Saturday, 24 March 2012 13:14
By Robert Parry, Consortium News |
News Analysis
Orwell’s insight - that who controls the present controls the
past, and who controls the past controls the future - could apply to the
American political debate in which the Right has built a false
narrative that enlists the Framers of the Constitution as enemies of a
strong central government, writes Robert Parry.
In the coming months – with a new fight over the federal budget, the
Supreme Court’s review of health-care reform and the November elections –
the battle in the United States will pit not just political parties and
economic ideologies against one another – but competing national
narratives of how and why the United States was founded.
Indeed, it is that conflict over the American narrative that may well
determine the outcome of the presidential election and the future
direction of the United States. Yet, this dispute over the Founders’

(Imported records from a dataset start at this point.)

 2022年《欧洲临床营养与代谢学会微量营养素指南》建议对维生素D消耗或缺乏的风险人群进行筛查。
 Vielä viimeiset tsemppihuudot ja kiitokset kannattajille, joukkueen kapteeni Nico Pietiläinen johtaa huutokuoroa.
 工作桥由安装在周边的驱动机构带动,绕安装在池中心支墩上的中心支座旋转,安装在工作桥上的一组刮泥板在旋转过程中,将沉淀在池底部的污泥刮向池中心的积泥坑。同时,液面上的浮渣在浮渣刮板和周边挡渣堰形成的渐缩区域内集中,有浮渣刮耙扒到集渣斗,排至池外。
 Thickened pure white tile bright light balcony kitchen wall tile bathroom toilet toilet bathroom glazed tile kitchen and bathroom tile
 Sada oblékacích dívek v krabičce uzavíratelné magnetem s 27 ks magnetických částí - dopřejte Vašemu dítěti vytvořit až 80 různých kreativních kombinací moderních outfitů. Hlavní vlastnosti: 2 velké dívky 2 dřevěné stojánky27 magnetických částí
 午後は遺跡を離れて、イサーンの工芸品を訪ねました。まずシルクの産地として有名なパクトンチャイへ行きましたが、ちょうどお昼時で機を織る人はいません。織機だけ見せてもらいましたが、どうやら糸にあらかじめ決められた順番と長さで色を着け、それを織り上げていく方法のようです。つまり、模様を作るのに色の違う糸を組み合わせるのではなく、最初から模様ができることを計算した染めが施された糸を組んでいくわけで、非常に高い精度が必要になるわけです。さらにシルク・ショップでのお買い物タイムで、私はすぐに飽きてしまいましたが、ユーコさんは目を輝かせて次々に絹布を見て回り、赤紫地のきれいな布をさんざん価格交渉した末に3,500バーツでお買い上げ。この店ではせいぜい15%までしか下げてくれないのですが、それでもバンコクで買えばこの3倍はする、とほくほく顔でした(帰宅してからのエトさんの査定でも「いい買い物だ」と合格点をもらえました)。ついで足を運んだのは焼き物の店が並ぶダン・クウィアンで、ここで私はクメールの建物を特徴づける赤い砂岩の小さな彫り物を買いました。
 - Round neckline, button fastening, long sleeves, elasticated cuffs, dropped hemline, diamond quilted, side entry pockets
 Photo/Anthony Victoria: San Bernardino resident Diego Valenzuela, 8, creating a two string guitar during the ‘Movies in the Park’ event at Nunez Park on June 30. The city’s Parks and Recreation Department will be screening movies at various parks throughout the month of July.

vision is rarely debated in the mainstream news media.
The argument does, however, inspire right-wing groups which obsess
over “strict construction” of the Constitution and the “originalist”
intent of the Founders. Such references also have become standard fare
on the Republican campaign trail with the four remaining major
candidates claiming to be in this fight to defend American “liberty.”
On Saturday, for instance, ex-Sen. Rick Santorum declared that
President Barack Obama’s health-care reform is “a threat to the very
essence of who America is.” As the New York Times noted, “numbers like
1776 and 1860 increasingly pepper his speeches as he stresses the
historical urgency of his candidacy.”